In biology, there has been a tremendous revolution in the understanding of the basis of all living things, but the enormity of that change has not yet had an effect on our philosophy. The change is that we used to think that the characteristics of the progeny of any living thing were determined by some unknown and mysterious mechanisms. Sixty years ago science had already given up on vitalistic concepts, but nevertheless accepted that chemistry worked in ways not understood with regard to the mysteries of biology.
Today it is obvious that attributes of living things are written down in a digital code. We now know that some process, involving information encoded in DNA, is at the heart of cell differentiation as a zygote develops into an embryo. Could we have anticipated all this before the discovery of DNA? The answer is “Yes!”
Mendel’s laws involve small integers (like 1 and 0, male and female or True and False) and simple ratios like ¼ or ½. A world of nothing but continuous variables with mysterious interactions amongst those variables has little chance of producing laws similar to Mendel’s.
There is obviously a lot of information in a seed.

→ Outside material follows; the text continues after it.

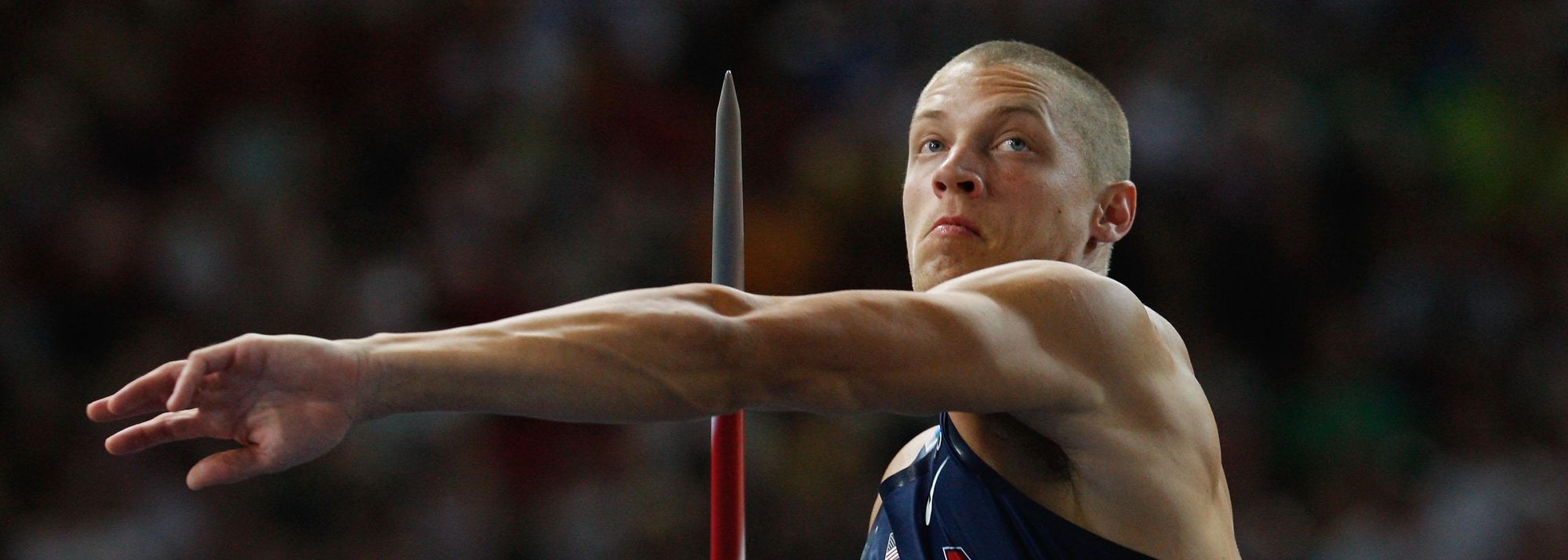 Eventual Decathlon winner Trey Hardee of the United States throws three personal bests in the men's Decathlon Javelin Throw in the Berlin Olympic Stadium (© Getty Images)

Gametes bring information together to form a zygote. Digital Philosophy could have predicted that the underlying mechanisms of inheritance and growth were most likely to have at their core a system of digitally represented information.
Three key elements that lend support the possibility of an underlying digital model are:
1. The appearance of small integers in mathematical laws.
2. Hierarchies of structures (or small groups of structures, such as male-female pairs), each of which is functionally identical to others of the same species.
3. The existence of inherent information and inherent information processing.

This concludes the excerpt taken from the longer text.